Читаем Homo sacer. Чрезвычайное положение полностью

К Другой эпизод с отказом от применения закона ex dispensatione misericordiae[62] мы находим в одном из фрагментов Грациана, где специалист по каноническому праву утверждает: Церковь может оставить без санкции нарушение, если оно уже совершено (pro eventu rei, например, в случае, если некий человек, который не мог стать епископом, уже рукоположен). Здесь парадоксальным образом закон не применяется именно потому, что нарушение уже действительно имело место, и санкции имели бы негативные последствия для Церкви. Анализируя этот текст, Антон Шютц справедливо заметил, что «оценивая законность дефакто, стремясь связать ее с внеправовой реальностью, он [Грациан] не дает праву возможности соотноситься с самим собой, предвосхищая таким образом закат правовой системы»[63]. В этом смысле средневековое исключение свидетельствует о проникновении в правовую систему внешнего факта, своего рода fictio legis[64], из–за которого в данной ситуации все делают вид, будто выборы епископа были легитимными. Современное чрезвычайное положение, напротив, есть попытка включения в правовую систему самого исключения, что предполагает создание зоны неразличимости, внутри которой реальность и право совпадают.

Имплицитная критика чрезвычайного положения содержится в трактате Данте «Монархия». Стремясь доказать, что Рим достиг своего владычества над миром с помощью права (iure), а не насилия, Данте утверждает, что невозможно достичь главной цели права (то есть общего блага) без соблюдения самих принципов права и что поэтому «всякий, кто имеет в виду цель права, идет вместе с правом» (quicunque finem iuris intendit cum iure graditur)[65]. Мысль о том, что приостановление действия права может быть необходимым для общего блага, не свойственна средневековому миру.

1.10.

Чрезвычайное положение стремится воити в правовую систему и стать подлинным «состоянием» права лишь в современную эпоху. Принцип, согласно которому крайняя необходимость определяет единичную ситуацию, в которой закон теряет свою vis obligandi (именно в этом смысл изречения necessitas legem поп habet), становится принципом, в соответствии с которым необходимость составляет, так сказать, главное основание и сам источник закона. Это касается не только тех авторов, которые ставили перед собой задачу оправдать национальные интересы одного государства по отношению к интересам другого — как в формуле Not kennt kein Gebot, «необходимость заставит пойти на все», которую использовал прусский канцлер Бетман–Гольвег, а затем Йозеф Колер воспроизвел в одноименной книге 1915 года, — но и для тех юристов, которые (от Еллинека до Дюги) рассматривали крайнюю необходимость как основание для действия указов, имевших силу закона и изданных исполнительной властью в период чрезвычайного положения.
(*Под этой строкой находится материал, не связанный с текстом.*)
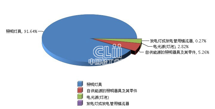2014年1~3月照明行业累计出口额商品结构分布情况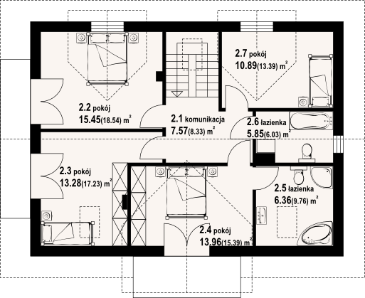 Wysokość ścianki kolankowej: 0.86 m. Strop: płyta żelbetowa. Pokrycie dachu: dachówka ceramiczna Koramic. Ściany zewnętrzne: pustaki ceramiczne Porotherm + styropian. Ściany wewnętrzne: pustaki ceramiczne Porotherm. Typ ogrzewania: kocioł gazowy. Inne: okna połaciowe Fakro.

Любопытно проанализировать в этой перспективе радикальную позицию Санти Романо, юриста, оказавшего значительное влияние на европейскую правовую мысль в межвоенный период. Романо не только не воспринимает крайнюю необходимость как нечто чуждое и внеположенное правовой системе, но и считает ее основным и первоначальным источником закона. Он начинает с различения между теми, кто считает крайнюю необходимость юридическим фактом или даже субъективным правом государства, основанном в конечном счете на действующем законодательстве и на общих принципах права, и теми, кто считает крайнюю необходимость чистым фактом, а потому чрезвычайные полномочия, базирующиеся на крайней необходимости, никак не укоренены в законодательной системе. Обе позиции, которые роднит отождествление права и закона, являются, согласно Романо, ошибочными, поскольку они не признают существования подлинного источника права за пределами законодательства.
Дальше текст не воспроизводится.